--- Data extracts ---
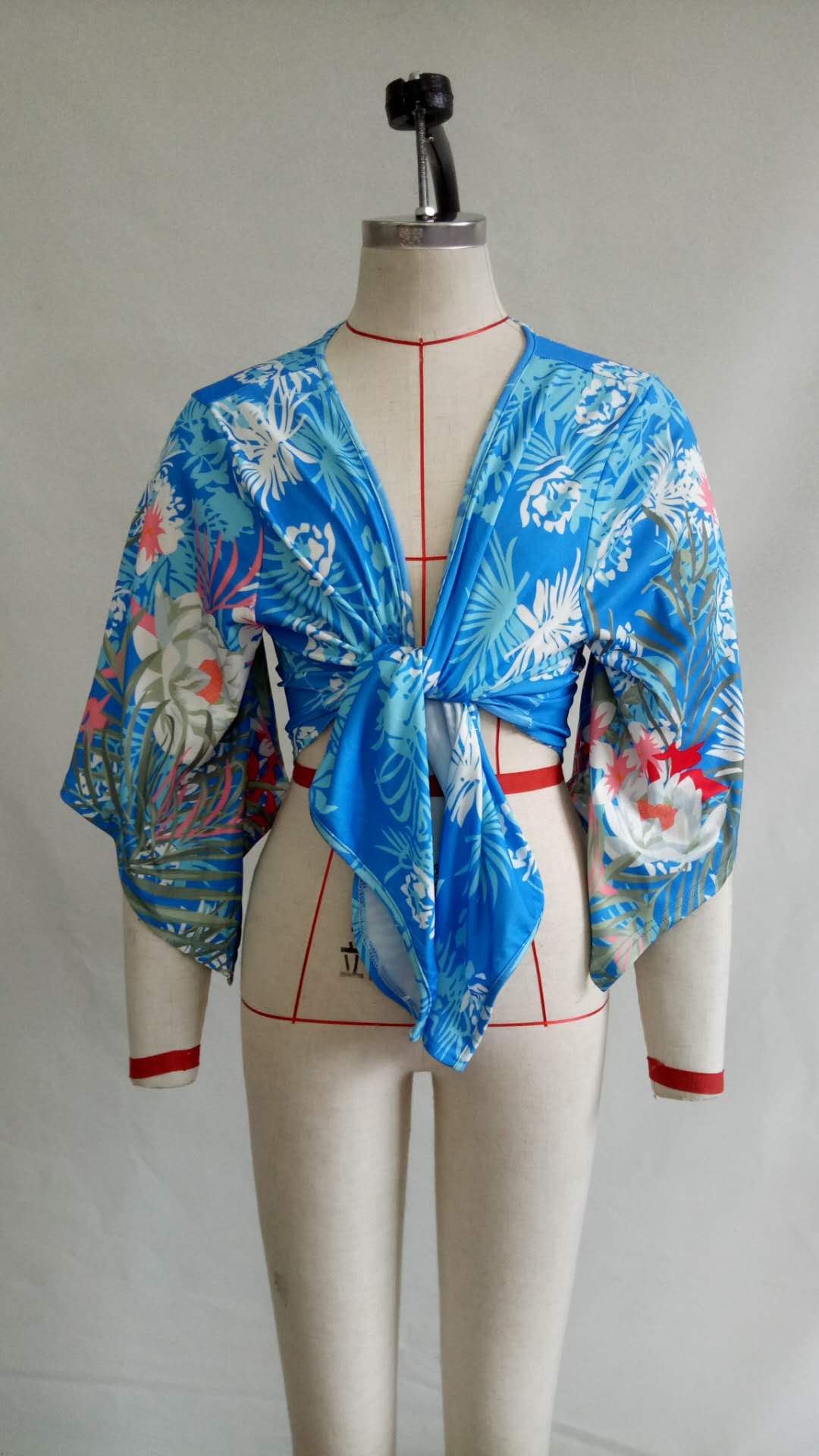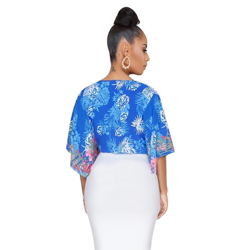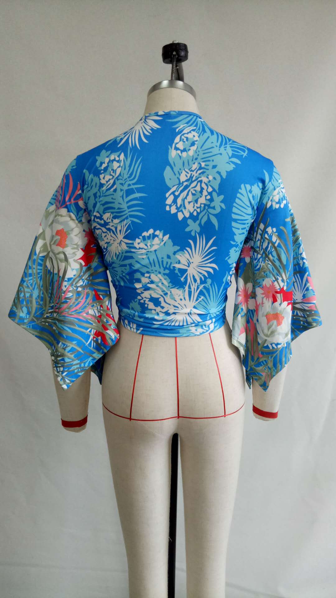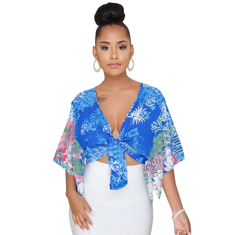 Fashion V Neck Batwing Sleeves Floral Printed Orange Shirts
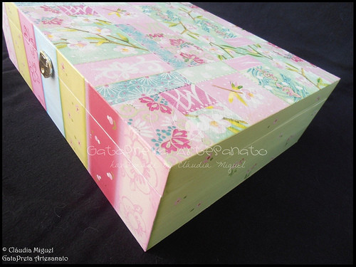 Pormenor da decoração da tampa, com pintura manual, aplicação de carimbos e papel de scrapbooking.
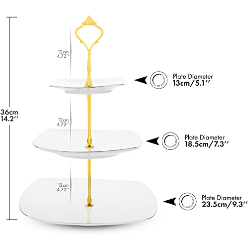 - WHAT’s IN OFFER – Beautiful 3 tier Square ceramic cupcake stand with new design and great looking Gold fittings. Having successfully passed all food safety standards, these porcelain three tier cake stands are perfectly designed to present your delicious homemade cupcakes, desserts, appetizers as well as fruits etc and act as centre piece for your table or dining room. With its flawless and authentic design, these are very simple to assemble and dissembled for space saving.
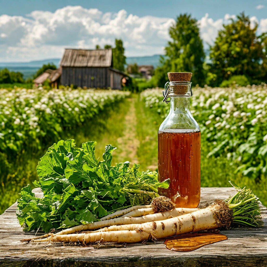 Хреновуха: базовый рецепт Ингредиенты: - 1 литр спиртового раствора (спирт 45-50%): - Корень хрена свежий: 40-60 г (классический огородный хрен предпочтителен, но импортный крупный хрен тоже подойдёт) - Мед пчелиный: 15-20 г (желательно светлые сорта, чтобы избежать лишних ароматов) - Спирт (зерновые или виноградные сорта) Приготовление: 1. Подготовка ингредиентов: Очистите и нарежьте корень хрена на небольшие кусочки. 2. Смешивание: В чистую банку добавьте нарезанный хрен и мед, потом залейте все спиртовым раствором. 3. Настаивание: Поставьте банку в тёмное место при комнатной температуре. Настаивайте 4-7 суток. Каждый день встряхивайте содержимое. 4. Фильтрация: После настаивания процедите напиток через марлю или фильтр для кофе, чтобы удалить осадок. 5. Отстаивание: Перелейте фильтрованную жидкость в другую ёмкость и поставьте в холодильник на 3 дня для отстаивания, чтобы осадок выпал. 6. Готовность: После отстаивания ваш хреновуха готов к употреблению. Употребление и рекомендации:
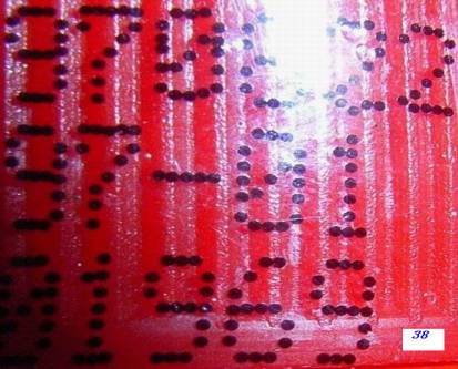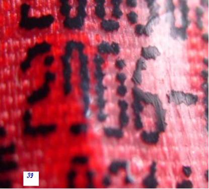 在多倍放大的情况下观察,真品茅台的喷码,落点干脆、边缘圆润、色料饱满(图38)。图39是一种假冒茅台的喷码。
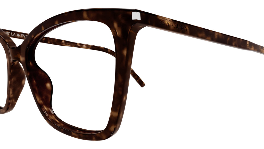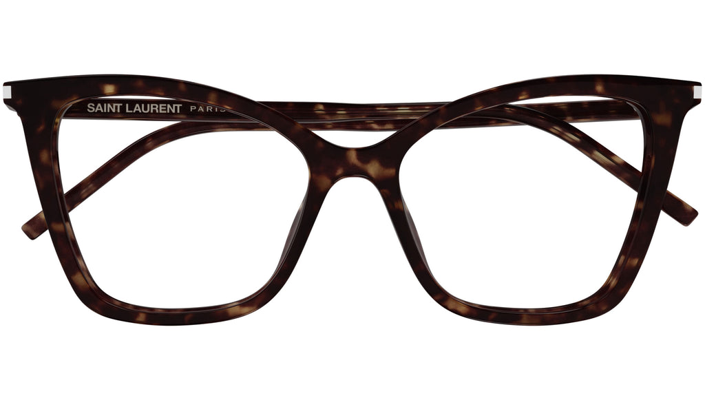 Occhiali da vista Saint Laurent SL 386 donna con montatura cat eye in acetato avana scuro lucido e lenti demo. Linea: Classic. Codice modello: SL 386. Codice colore 55 mm: 016. 53 mm: 014. Made in Italy. Rivenditore autorizzato Saint Laurent online. Gli occhiali vengono consegnati con custodia e accessori originali e sono coperti dalla garanzia ufficiale di 12 mesi del produttore.
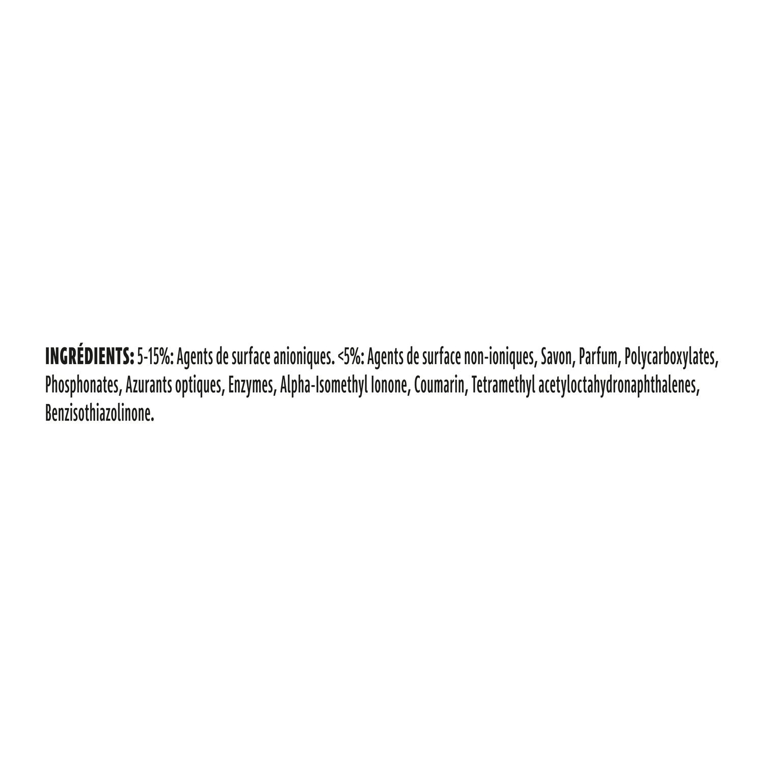 5–15 %: Anionische Tenside. <5 %: Nichtionische Tenside, Seife, Duftstoffe, Polycarboxylate, optische Aufheller, Phosphonate, Enzyme, Alpha-Isomethylionon, Cumarin, Tetramethylacetyloctahydronaphthaline, Methylisothiazolinon, Octylisothiazolinon.
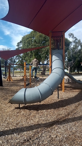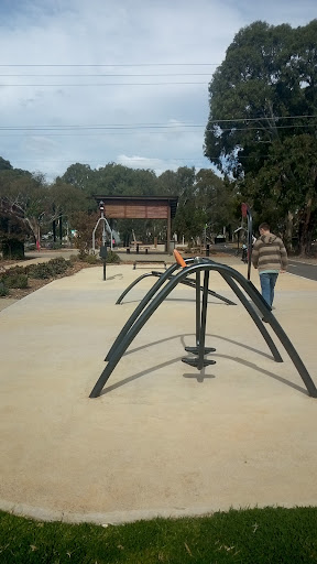 The Appleby Road Reserve playground is an awesome, fairly new facility built primarily from wood, offering a range of engaging play elements. It features an innovative built-in app that allows children to play games by scanning pictures on the play equipment. The playground includes swings, slides, a climbing area, wooden steps, and integrated water and sand play. Additional amenities such as exercise equipment for adults, quality wooden seating, a covered area, a grassy space for games, and a bike path enhance the park’s appeal, making it suitable for a variety of family activities.
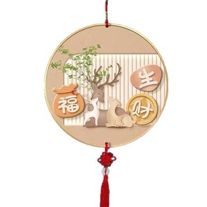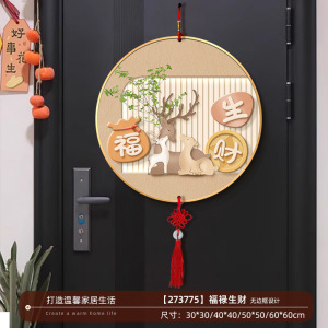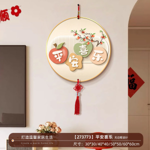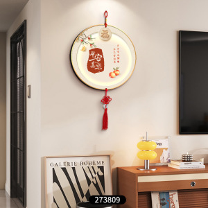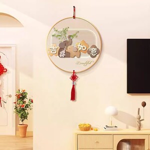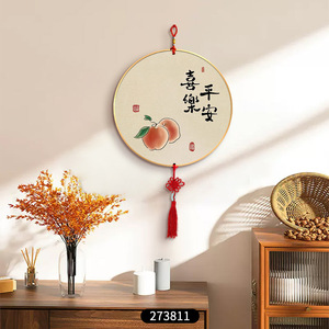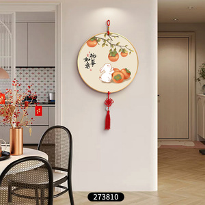 柿柿如意电视背景墙挂画圆形中国结挂饰新款客厅装饰画新中式挂件
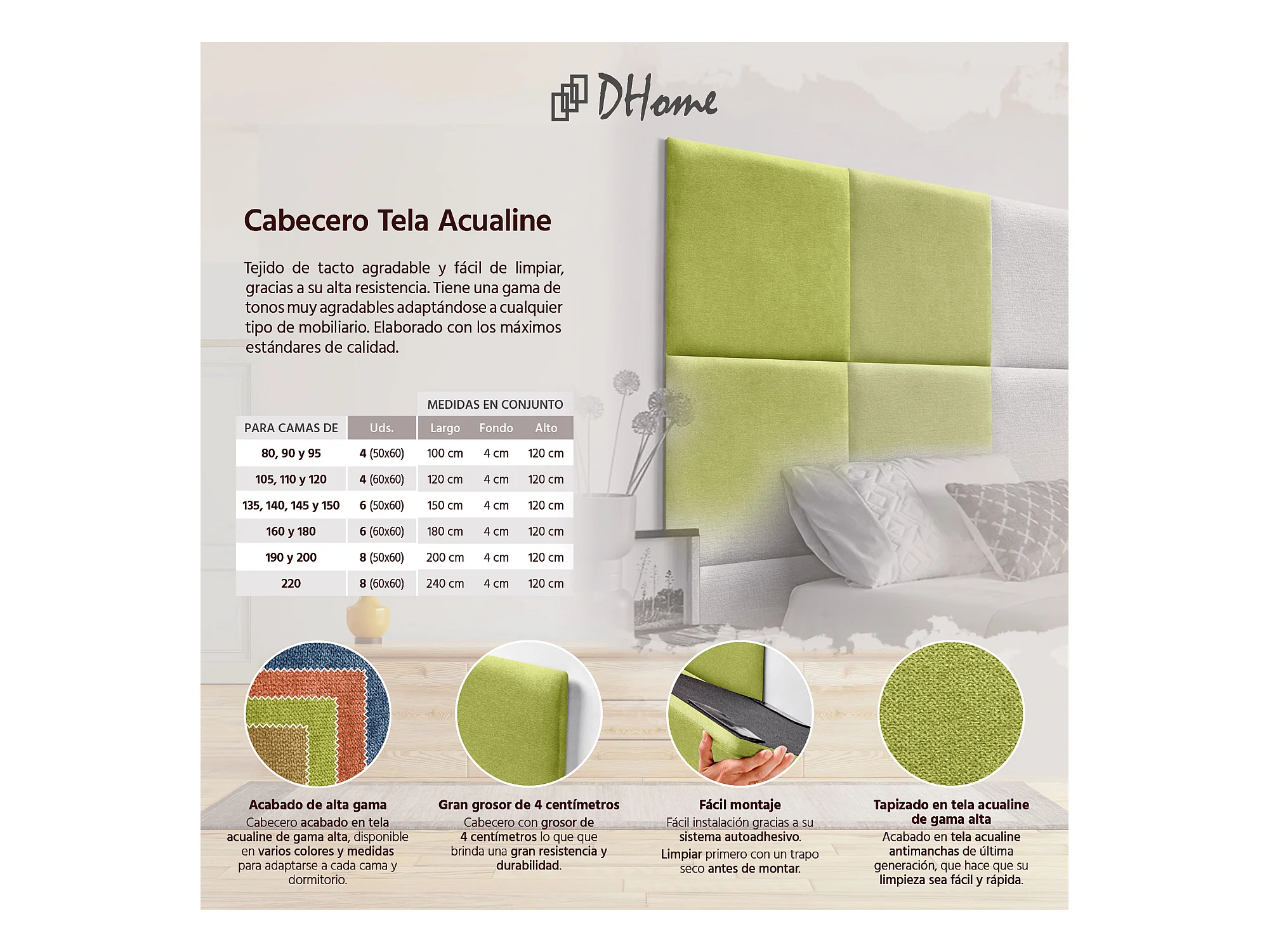DHOME Gepolstertes Kopfteil aus Acualine-Stoff, aus selbstklebenden, austauschbaren Bettpaneelen, luxuriös gepolstertes Schlafzimmer (Pistazie, 220 cm)

--- About this task ---
Give the listing again exactly, excluding pictures.

--- Problem solution ---
 Fashion V Neck Batwing Sleeves Floral Printed Orange Shirts
 Pormenor da decoração da tampa, com pintura manual, aplicação de carimbos e papel de scrapbooking.
 - WHAT’s IN OFFER – Beautiful 3 tier Square ceramic cupcake stand with new design and great looking Gold fittings. Having successfully passed all food safety standards, these porcelain three tier cake stands are perfectly designed to present your delicious homemade cupcakes, desserts, appetizers as well as fruits etc and act as centre piece for your table or dining room. With its flawless and authentic design, these are very simple to assemble and dissembled for space saving.
 Хреновуха: базовый рецепт Ингредиенты: - 1 литр спиртового раствора (спирт 45-50%): - Корень хрена свежий: 40-60 г (классический огородный хрен предпочтителен, но импортный крупный хрен тоже подойдёт) - Мед пчелиный: 15-20 г (желательно светлые сорта, чтобы избежать лишних ароматов) - Спирт (зерновые или виноградные сорта) Приготовление: 1. Подготовка ингредиентов: Очистите и нарежьте корень хрена на небольшие кусочки. 2. Смешивание: В чистую банку добавьте нарезанный хрен и мед, потом залейте все спиртовым раствором. 3. Настаивание: Поставьте банку в тёмное место при комнатной температуре. Настаивайте 4-7 суток. Каждый день встряхивайте содержимое. 4. Фильтрация: После настаивания процедите напиток через марлю или фильтр для кофе, чтобы удалить осадок. 5. Отстаивание: Перелейте фильтрованную жидкость в другую ёмкость и поставьте в холодильник на 3 дня для отстаивания, чтобы осадок выпал. 6. Готовность: После отстаивания ваш хреновуха готов к употреблению. Употребление и рекомендации:
 在多倍放大的情况下观察,真品茅台的喷码,落点干脆、边缘圆润、色料饱满(图38)。图39是一种假冒茅台的喷码。
 Occhiali da vista Saint Laurent SL 386 donna con montatura cat eye in acetato avana scuro lucido e lenti demo. Linea: Classic. Codice modello: SL 386. Codice colore 55 mm: 016. 53 mm: 014. Made in Italy. Rivenditore autorizzato Saint Laurent online. Gli occhiali vengono consegnati con custodia e accessori originali e sono coperti dalla garanzia ufficiale di 12 mesi del produttore.
 5–15 %: Anionische Tenside. <5 %: Nichtionische Tenside, Seife, Duftstoffe, Polycarboxylate, optische Aufheller, Phosphonate, Enzyme, Alpha-Isomethylionon, Cumarin, Tetramethylacetyloctahydronaphthaline, Methylisothiazolinon, Octylisothiazolinon.
 The Appleby Road Reserve playground is an awesome, fairly new facility built primarily from wood, offering a range of engaging play elements. It features an innovative built-in app that allows children to play games by scanning pictures on the play equipment. The playground includes swings, slides, a climbing area, wooden steps, and integrated water and sand play. Additional amenities such as exercise equipment for adults, quality wooden seating, a covered area, a grassy space for games, and a bike path enhance the park’s appeal, making it suitable for a variety of family activities.
 柿柿如意电视背景墙挂画圆形中国结挂饰新款客厅装饰画新中式挂件
DHOME Gepolstertes Kopfteil aus Acualine-Stoff, aus selbstklebenden, austauschbaren Bettpaneelen, luxuriös gepolstertes Schlafzimmer (Pistazie, 220 cm)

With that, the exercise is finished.